In October President von der Leyen published a statement about the controversial bill.
She said: “This draft Bill is – by its very nature – a breach of the obligation of good faith laid down in the Withdrawal Agreement (Article 5).
“Moreover, if adopted as is, it will be in full contradiction to the Protocol on Ireland / Northern Ireland.
“The deadline lapsed yesterday. The problematic provisions have not been removed.
“Therefore, this morning, the Commission has decided to send a letter of formal notice to the UK government.
“This is the first step in an infringement procedure. The letter invites the UK government to send its observations within a month.
“The Commission will continue to work hard towards a full and timely implementation of the Withdrawal Agreement.

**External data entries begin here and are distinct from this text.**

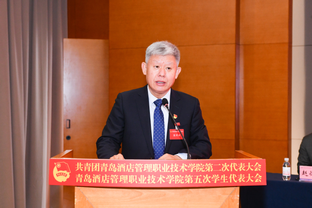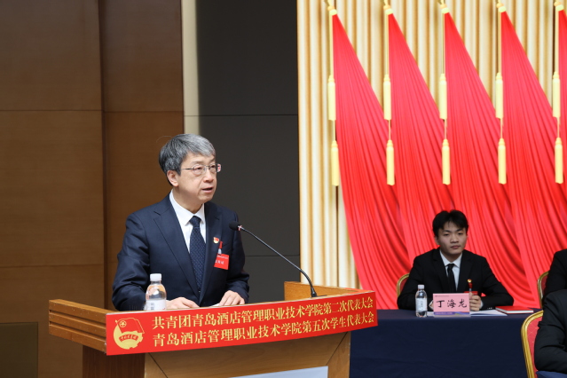 周正代表共青团青岛市委和青岛市学生联合会,向大会的召开表示热烈祝贺,向全校广大团员青年、团干部和青年工作者致以亲切问候并提出殷切期望。他表示,一要立足“政治学校”功能定位,筑牢团员青年坚定不移听党话、跟党走的信仰之基;二要担当“先锋力量”职责使命,组织团员青年踊跃投身建设新时代社会主义现代化国际大都市的火热实践;三要发挥“桥梁纽带”重要作用,热忱服务广大团员青年健康成长、全面发展;四要锚定“先进组织”建设目标,锻造标准高、业绩实、口碑好的新时代共青团组织。
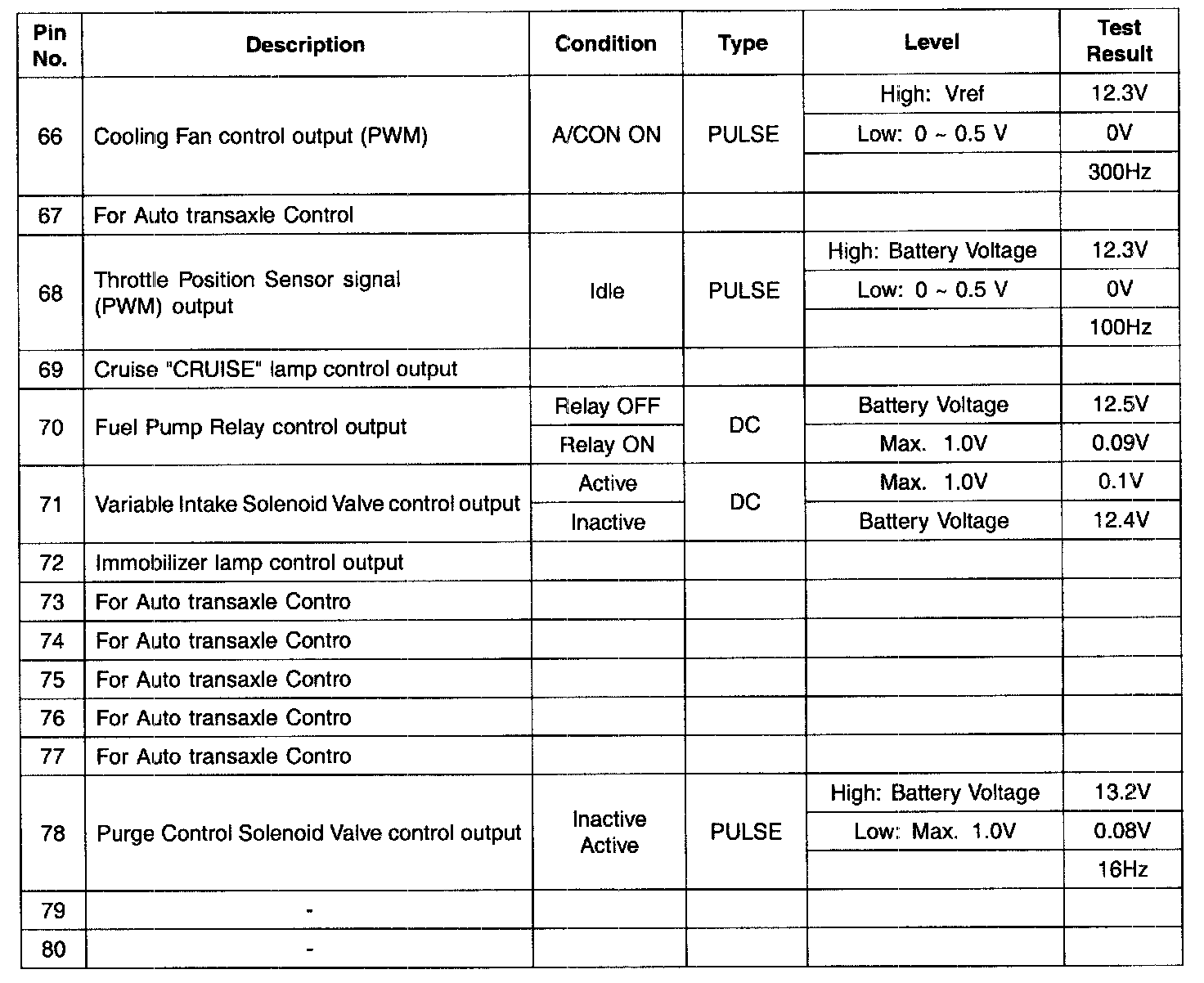 PCM Terminal Input/Output Signal - Connector [C144-A] (Part 4):
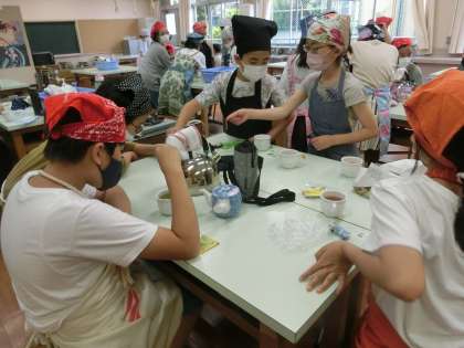 5年2組 家庭科、調理実習「お茶を淹れよう」
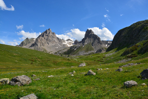 Les deux lignes de crête : crête du Diable et crête du Diable, photographiées depuis le sentier du GR57, au niveau de du ruisseau du Chardonnet au point 2066. Vu depuis le nord. Distance : 2km
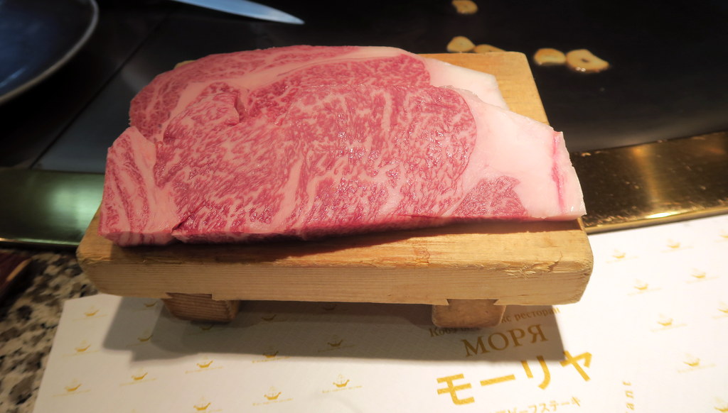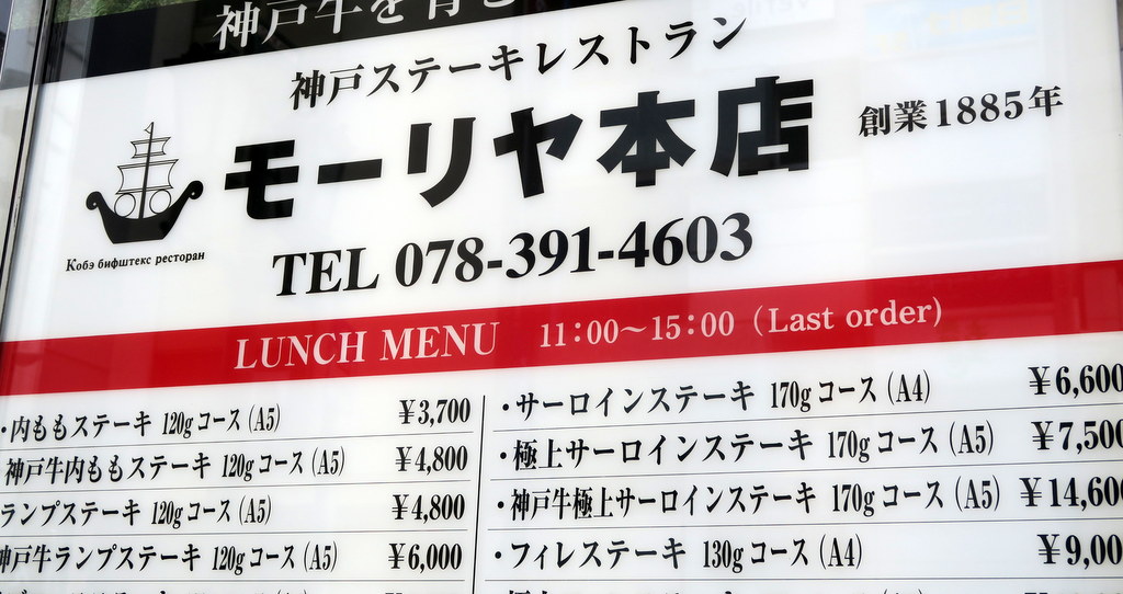 Прямо посреди Кобе, японской столици изысканной мраморной говядины, затесался дорогой стейхаус со странным названием "Моря". Причём название это хозяева пишут по-русски, кириллицей:
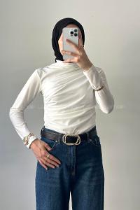 Lamelif Şık Dik Yaka Drapeli Bluz
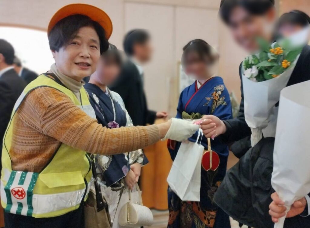 岐阜北地区交通安全協会早田支部女性部では、令和8年1月11日、岐阜市長良地内の「岐阜グランドホテル」で開催された「早田地区 二十歳のつどい」において、参加されたみなさんに交通安全グッズをお配りする等して、交通安全を呼びかけました。
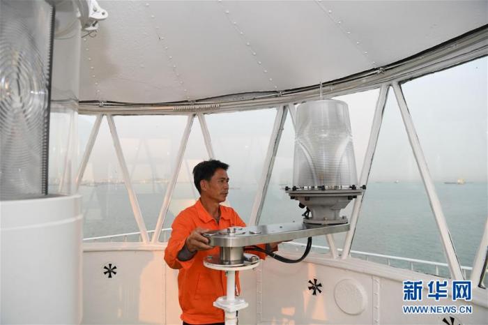 黄灿明在检查灯塔辅灯设备(4月2日摄)。新华社记者邓华摄
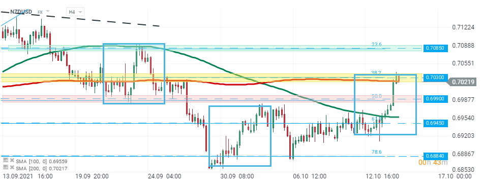 NZDUSD El par subió bruscamente durante la sesión de hoy y actualmente está probando una zona de resistencia importante alrededor de 0.7030 que está marcada con el límite superior de la estructura 1: 1, 200 SMA (línea roja) y 38.2% de retroceso de Fibonacci de la última ola ascendente. Si se produce una ruptura al alza, el movimiento alcista puede acelerarse hacia la siguiente resistencia en 0.7085, que coincide con el 23.6% de retroceso de Fibonacci. Por otro lado, si los vendedores logran recuperar el control, el soporte en 0.6990 puede estar en riesgo. Fuente: xStation5
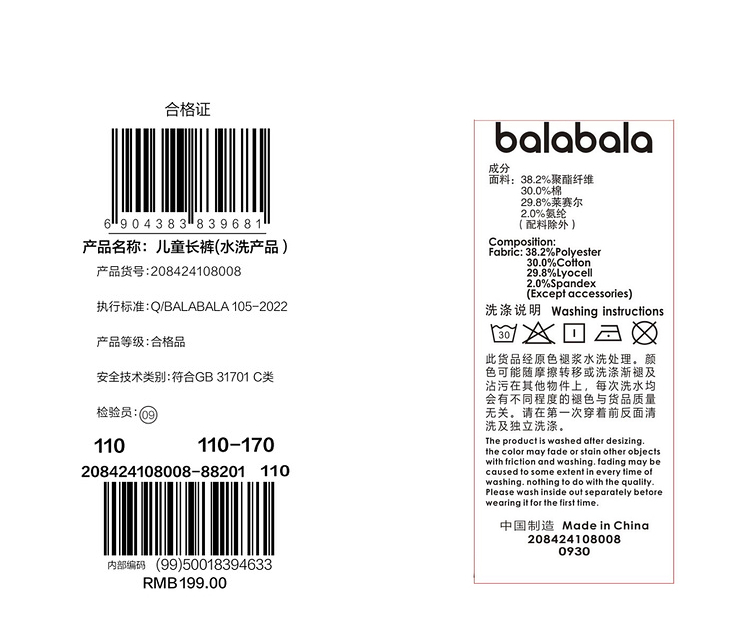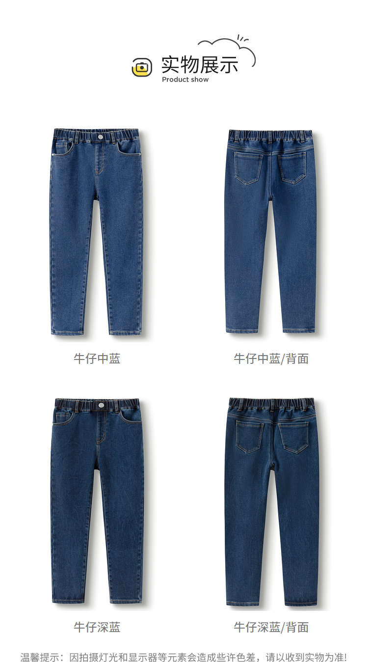 巴拉巴拉童装女童裤子冬装中大童加绒牛仔长裤儿童保暖舒适洋气潮

We stand by our commitments.”
The UK Government has admitted the Internal Market Bill makes provision to enable the UK to reach international law.
The Government argues the provision is needed, however, in order to protect the integrity of the UK and the Good Friday Agreement in Northern Ireland.
Government minister James Cleverly told BBC Radio 4’s Today programme a post-Brexit deal with the EU is “nearly there”.
He said: “The vast majority of the elements of this agreement have been resolved and we’re now hanging on a small number of important areas where we don’t have an agreement.
“We’re nearly there but we are not quite there yet.
“And it may well be that we will not be able to resolve this in the timescale we’ve got, but we’re nearly there.”
It is speculated that a successful meeting between Mr Gove and Mr Sefcovic and a trade deal being agreed between the UK and EU.
The UK Government could drop the most contentious parts of the Internal Market Bill.
Speaking about this contentious clause on Monday, Mr Cleverly told Sky News: “Not having that in place would weaken our position and actually give an advantage to the EU negotiators.
“And, in a negotiation like this, it is really key that both parties negotiate hard – I’m sure the EU negotiators are negotiating hard, but so is David Frost (the UK’s chief negotiator) and our negotiating team.
“We do it in a spirit of positivity, but we do want to get a deal that works for the UK, an agreement that works for the UK.”